Tijdens de Raad Buitenlandse Zaken van 17 oktober jl. heb ik een toezegging gedaan om schriftelijk terug te komen op vermeende oorlogsmisdaden door Azerbeidzjan en de positie van onze buurlanden. U heeft mijn schriftelijke reactie gelijktijdig met deze beantwoording ontvangen.

Vraag 6

Ziet de minister ruimte om verzoeningsprojecten in Israël te intensiveren als de kans bestaat om verder bij te dragen richting een duurzame oplossing?

Antwoord

De Nederlandse steun aan verzoeningsprojecten wordt per 2023 met middelen uit de begroting voor Ontwikkelingssamenwerking en Buitenlandse Handel (BHOS) verhoogd van 1 naar 1,25 miljoen euro per jaar. Deze ophoging is in antwoord op motie Mulder en Ceder van 6 juli 2022 (Kamerstuk 35 925 V), waarin de regering verzocht wordt in kaart te brengen in hoeverre de steun aan verzoeningsprojecten, waarbij Israëlische en Palestijnse jongeren nader tot elkaar worden gebracht, vanuit Nederland en internationale fondsen kan worden geïntensiveerd. Het kabinet houdt daarnaast doorlopend mogelijkheden in de gaten om te intensiveren middels bijdragen aan internationale initiatieven (Kamerstuk 36 200-V/2022D40138). 

Vraag 7

De Kamer heeft een motie aangenomen ten aanzien van West-Papua. Hoe heeft de minister hier uitvoering aan gegeven en hoe gaat hij hier tijdens de UPR Indonesië aandacht voor vragen?

Antwoord

Voor de uitvoering van het deel van de motie-Ceder c.s. (Kamerstuk 35 925 V nr. 36, d.d. 1 februari 2022) dat betrekking heeft op een mogelijk bezoek van de Hoge Commissaris voor de Mensenrechten aan West-Papua, verwijs ik u naar mijn brief van 6 mei 2022 (Kamerstuk 32 735, nr. 340 2). De Universal Periodic Review (UPR) van Indonesië vond plaats op 9 november 2022. Nederland heeft tijdens deze UPR aandacht gevraagd voor het verder tegengaan van straffeloosheid, onder andere in de Papua-provincies.

Vragen van het lid Eppink (JA21)

Vraag 1

Heeft de minister kennis genomen van het onderzoek van Lex Hoogduin en Christiaan van der Kwaak in Economische Statistische Berichten, waarin in 2021 de netto afdracht van Nederland in een (theoretische) begrotingsunie zou uitkomen op 21 miljard euro, 2,5% van BBP? En hoe ziet hij het Nederlands financieel belang in een Europese transferunie?

Antwoord

Ja, ik heb kennis genomen van het onderzoek.

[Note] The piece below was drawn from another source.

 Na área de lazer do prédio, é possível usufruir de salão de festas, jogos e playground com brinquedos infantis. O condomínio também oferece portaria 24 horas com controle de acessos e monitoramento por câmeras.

In de Kamerbrief “Kabinetsvisie toekomst Economische en Monetaire Unie” d.d. 2 september jl. gaat het kabinet nader in op de houding van het kabinet ten aanzien van verdere financieel-economisch integratie. Een permanente begrotingsfunctie past niet goed bij de eigen verantwoordelijkheid die lidstaten hebben voor hun economische- en budgettaire beleid. Nieuwe stappen op het gebied van de EMU zullen bij moeten dragen aan het versterken van haar economische en financiële stabiliteit. Indien voorstellen voor nieuwe instrumenten betrekking hebben op het overhevelen van financiële risico’s op het collectief (de EU of de eurozone) en het kabinet de

toegevoegde waarde hiervan erkent, hanteert het kabinet het uitgangspunt dat dit gepaard moet gaan met voldoende waarborgen voor verstandig beleid.

Vraag 2

Hoe beoordeelt de minister de situatie in Armenië dat wordt bedreigd door Azerbeidzjan, specifiek over oorlogsmisdaden en krijgsgevangenen?

Antwoord

De schermutselingen in september jl. hebben getoond dat de situatie tussen Armenië en Azerbeidzjan nog alles behalve stabiel is. Het staakt-het-vuren houdt vooralsnog stand, maar zijn er meerdere incidenten geweest in de afgelopen periode. Het EU-bemiddelingsproces en onderhandelingen o.l.v. de Verenigde Staten zijn geïntensiveerd en hebben als doel een duurzaam vredesakkoord te bereiken. In dit kader is het ook belangrijk dat er vertrouwen tussen beide landen wordt opgebouwd, bijvoorbeeld door het vrijlaten van krijgsgevangen en het onafhankelijk onderzoeken van mogelijke oorlogsmisdrijven en vermeende daders hiervan vervolgen. Nederland blijft zich hiervoor inzetten en zal in voorkomende gevallen partijen hierop aanspreken.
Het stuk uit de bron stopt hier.